# Custom made acrylic tank.....



## Lady_J (Feb 18, 2007)

Been busy making this today......


































its been made for my new pair of boiga's (thanks karl) they are too small for it atm but as soon as they are ready this will be their home for a short while







was doing it more than anything to see if i could







what do you think? im pretty impressed tbh i never expected it to be that good







might drill a hole and put some heated perches in, see how it goes








if i were to make it again i prob would have had more sides in the smokey black but once the decor/substrate is in i doubt it will make much diff.


----------



## ANT (Nov 11, 2007)

looks excellent ! well done


----------



## PendleHog (Dec 21, 2005)

They look lovely, I could do with some about 5x the size for my boiga as it happens!
Finding nice arboreal vivs is a constant challenge.


----------



## iangreentree (Nov 5, 2007)

*Custom made acrylic tank*

wow very nice where you get the acrylic etc. how much they cost to build?

:notworthy:


----------



## Lady_J (Feb 18, 2007)

ANT said:


> looks excellent ! well done


why thanks 



PendleHog said:


> They look lovely, I could do with some about 5x the size for my boiga as it happens!
> Finding nice arboreal vivs is a constant challenge.


yea tbh i will prob make 2ft cubes when they outgrow these. these are 1ft cube each 



iangreentree said:


> wow very nice where you get the acrylic etc. how much they cost to build?
> 
> :notworthy:


erm cost about £45 but that included glue that i wouldnt have to buy again :lol: coz they gave me so much and you use so little. got the acrylic from a supplier my bf uses for his business. im tempted to make them to order but i dunno if ppl would be interested.


----------



## badboiboom (Oct 22, 2007)

excuse me if this sounds stupid but...
what is a boiga???


----------



## matty (Feb 17, 2007)

I'd be interested in a couple, in a few months time


----------



## matty (Feb 17, 2007)

badboiboom said:


> excuse me if this sounds stupid but...
> what is a boiga???


 
A snake, well, a group of snakes..arboreal..rear-fanged..


----------



## badboiboom (Oct 22, 2007)

o cool
what do they look like?


----------



## Lady_J (Feb 18, 2007)

Sorry should have been more specific, boiga cyanea  green cat eyed snake i think is one of the common names for them 
If anyone is interested in specific sizes i can always whip up a quote etc, im not sure how well they would ship, but could always send them flat packed with glue etc.


----------



## badboiboom (Oct 22, 2007)

o ive heard of them
thanks
just curious lol


----------



## Lady_J (Feb 18, 2007)

no worries, think i posted this in the wrong section.... could a mod move it plse


----------



## PendleHog (Dec 21, 2005)

I would be VERY interested (probably in quite a few) if you could make bigger ones at sensible prices. I would be looking at 2ft cubes and 3x2s or 3x18"s (vertically orientated obviously).

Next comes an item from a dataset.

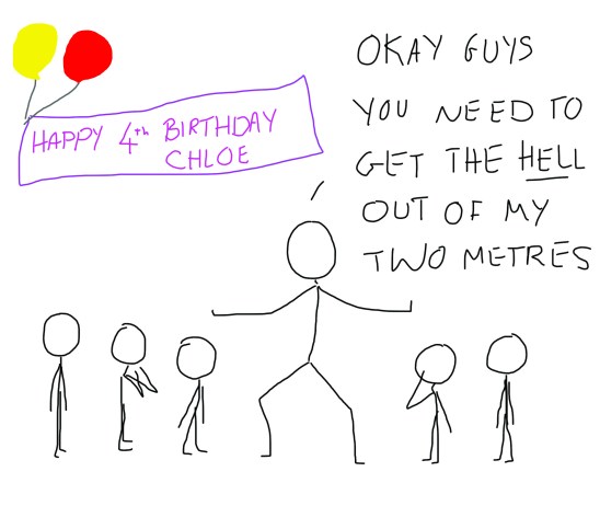 What if, when we’re allowed to have gatherings, and places get more crowded, and more people spill outside, and we’re allowed to go to things like birthday parties, we have a freak out?

Would you mind doing me a quote *is a pain in the bum!*
​


----------



## Lady_J (Feb 18, 2007)

Best bet is to PM me the size you are intersted in, teh supplier is a bit slow on teh communication front but i will do my ebst. also let me know if you want it flat packed for you to glue or glued at this end, however i will not take responsibility for breakages by post.


----------



## PendleHog (Dec 21, 2005)

Lady_J said:


> no worries, think i posted this in the wrong section.... could a mod move it plse


Looks like the right section to me  If you want it put elsewhere I can move it for you though.


----------



## Lady_J (Feb 18, 2007)

PendleHog said:


> Looks like the right section to me  If you want it put elsewhere I can move it for you though.


sorry thought it should be in habitat, now worries tho


----------



## Mark75 (Jan 21, 2007)

I'd be interested in some of these but for mantids. Maybe 6"-12" square at the base and maybe 1ft-2ft high.

If you do fancy making some send me a pm.


----------